• **WHAT YOU WILL DO**: What are the lines from the top of the entries through the one with "Aurinkoenergialla toimiva metallinen"? Write them out exactly, with no pictures.

* * *

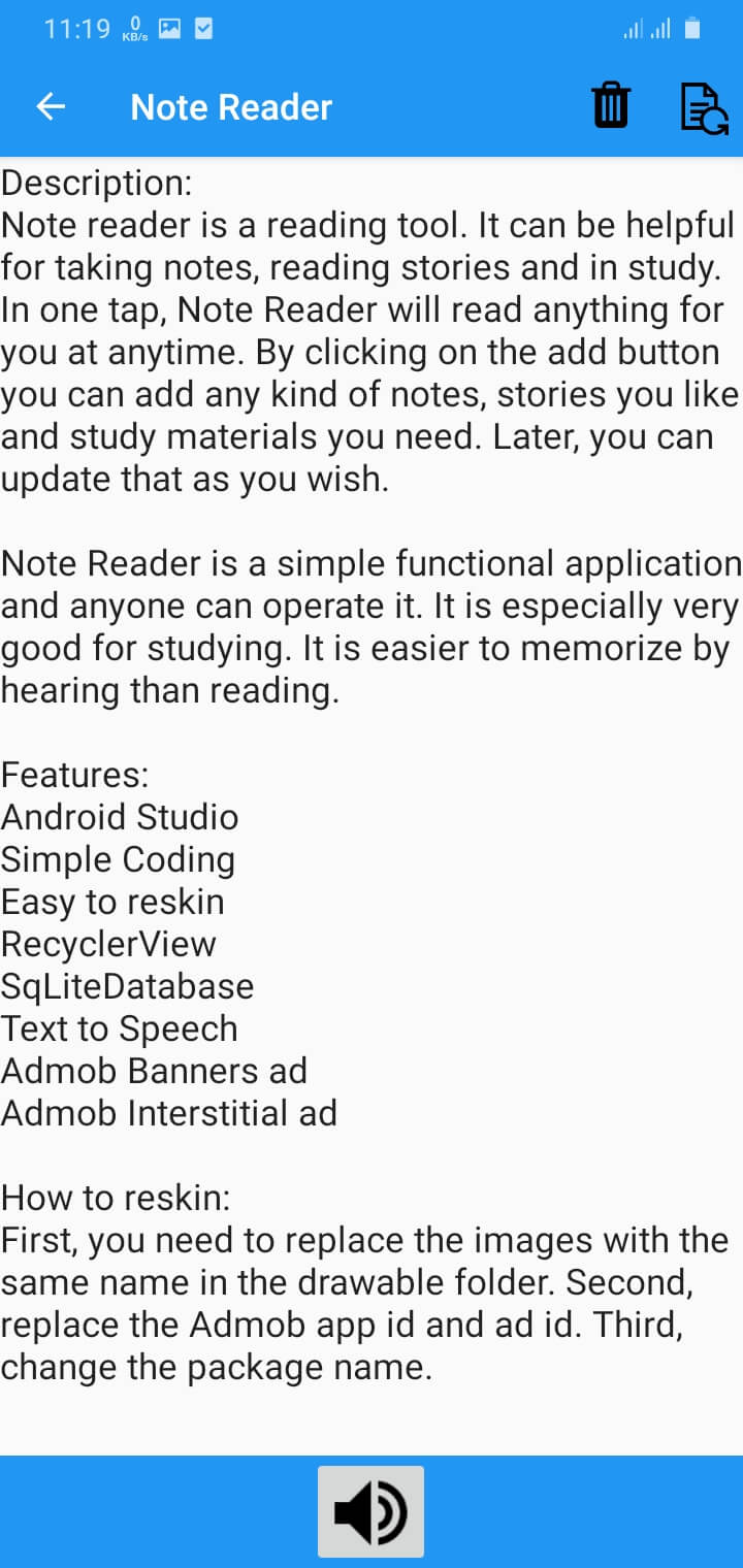 Note reader is a reading tool. It can be helpful for taking notes, reading stories and in study. In one tap, Note Reader will read anything for you at anytime. By clicking on the add button you can add any kind of notes, stories you like and study materials you need. Later, you can update that as you wish.
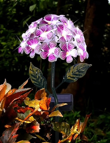 Aurinkoenergialla toimiva metallinen kukkakeppivalo, aurinkokennolla toimiva hortensia-LED-valo, metallinen maahan kiinnitettävä varsi, ulkokukkakenttien koristeet puutarhaan, terassille, kävelytielle
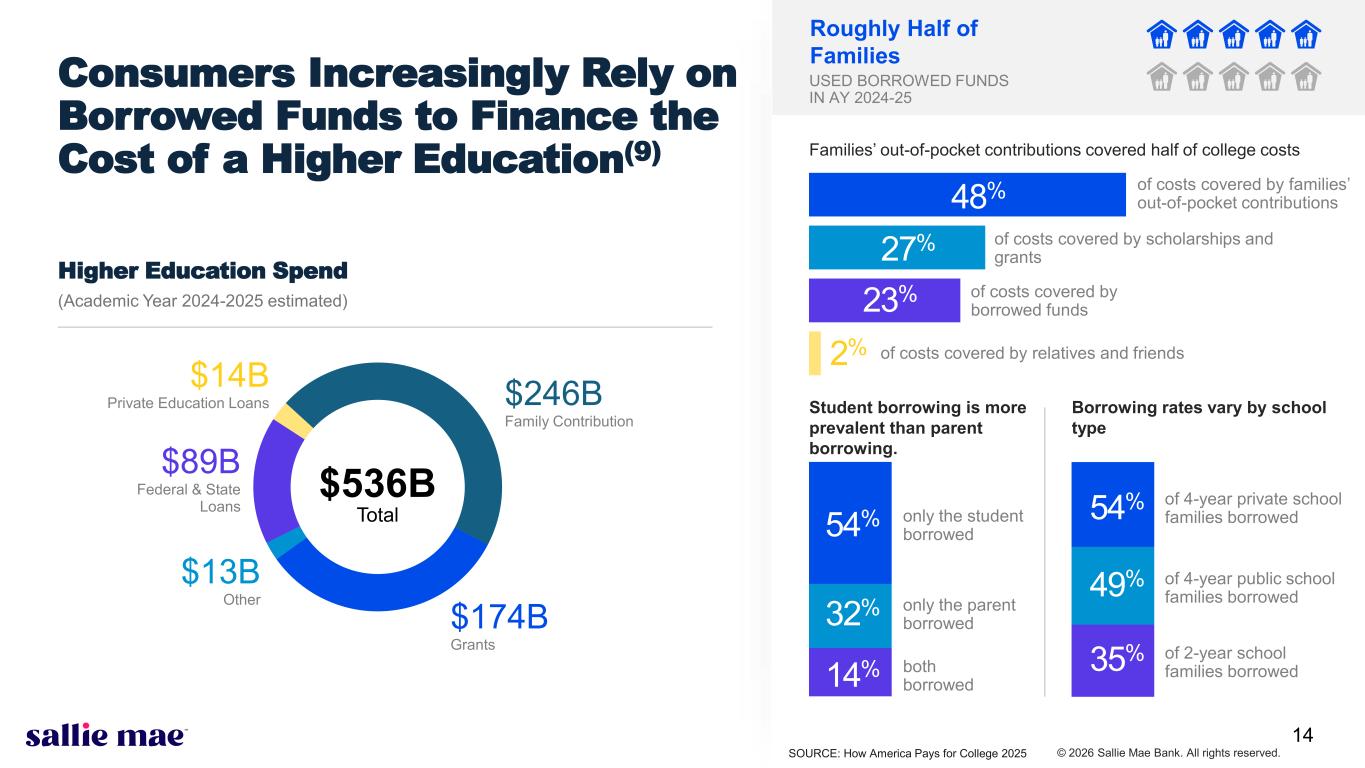 14© 2026 Sallie Mae Bank. All rights reserved. Consumers Increasingly Rely on Borrowed Funds to Finance the Cost of a Higher Education(9) Roughly Half of Families Student borrowing is more prevalent than parent borrowing. Borrowing rates vary by school type USED BORROWED FUNDS IN AY 2024-25 SOURCE: How America Pays for College 2025 Families’ out-of-pocket contributions covered half of college costs $246B Family Contribution $174B Grants $13B Other $14B Private Education Loans Higher Education Spend (Academic Year 2024-2025 estimated) $89B Federal & State Loans $536B Total 54% only the student borrowed 32% only the parent borrowed 14% both borrowed 54% of 4-year private school families borrowed 49% of 4-year public school families borrowed 35% of 2-year school families borrowed of costs covered by families’ out-of-pocket contributions of costs covered by scholarships and grants of costs covered by borrowed funds of costs covered by relatives and friends 48% 27% 23% 2% © 2026 Sallie Mae Bank. All rights reserved.
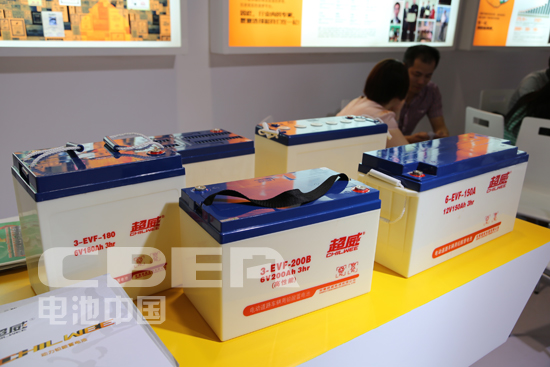 超威展臺上展示的電動車用蓄電池產品
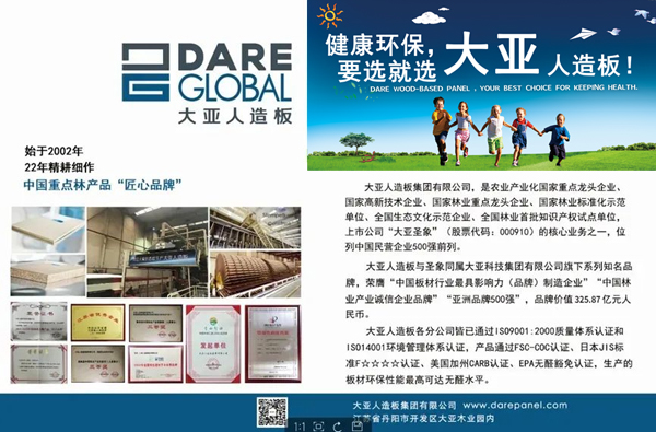 自2002年成立起,大亞人造板集團一直堅持綠色可持續(xù)發(fā)展道路,在環(huán)境治理及環(huán)保產(chǎn)品研發(fā)上的投入持續(xù)增加,率先推出E0級環(huán)保標準,通過ISO14001環(huán)境管理體系認證,產(chǎn)品通過FSC-COC認證、日本JIS標準F☆☆☆☆認證、美國加州CARB認證、美國EPA認證、中國ENF無醛認證,并且于2017年推出無醛系列人造板。2021年,大亞人造板集團各工廠均獲“中國綠色產(chǎn)品認證”!
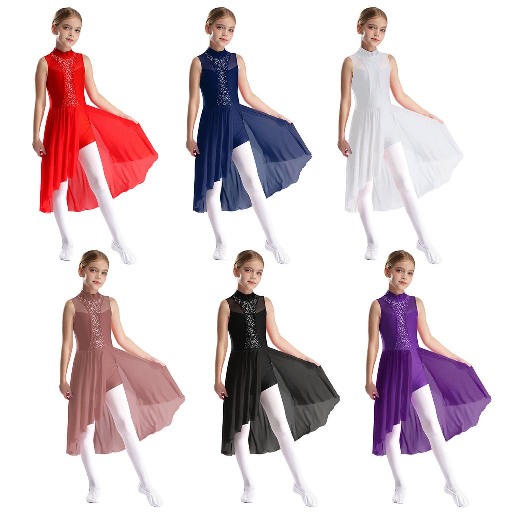 Dziecięca dziewczęca szyfonowa sukienka baletowa bez rękawów z golfem wycięcie z tyłu rozcięcie z boku asymetryczny dół błyszczące sukienki taneczne z kryształkami — kup artykuł online z bezpłatną dostawą na cały świat!
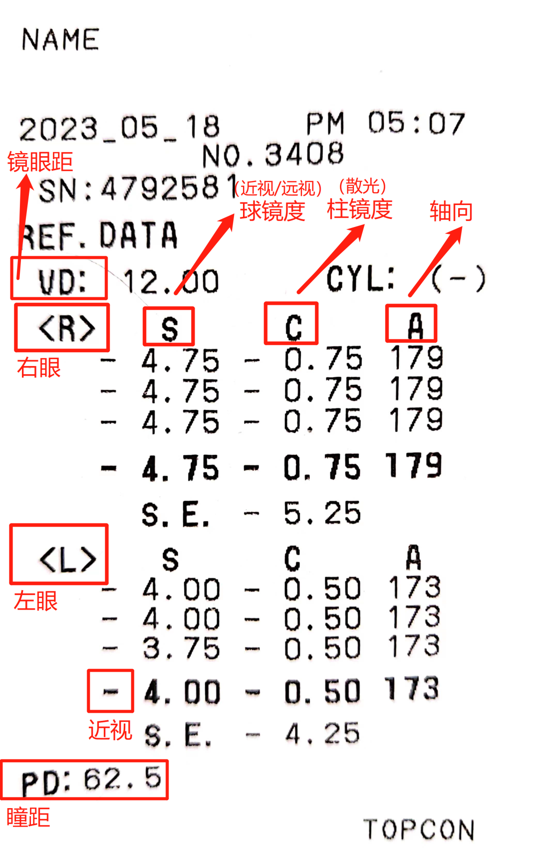 現(xiàn)在我們就能看懂這張電腦驗(yàn)光單了。

* * *

• **RESPONSE TO THE TASK**:
 Note reader is a reading tool. It can be helpful for taking notes, reading stories and in study. In one tap, Note Reader will read anything for you at anytime. By clicking on the add button you can add any kind of notes, stories you like and study materials you need. Later, you can update that as you wish.
 Aurinkoenergialla toimiva metallinen kukkakeppivalo, aurinkokennolla toimiva hortensia-LED-valo, metallinen maahan kiinnitettävä varsi, ulkokukkakenttien koristeet puutarhaan, terassille, kävelytielle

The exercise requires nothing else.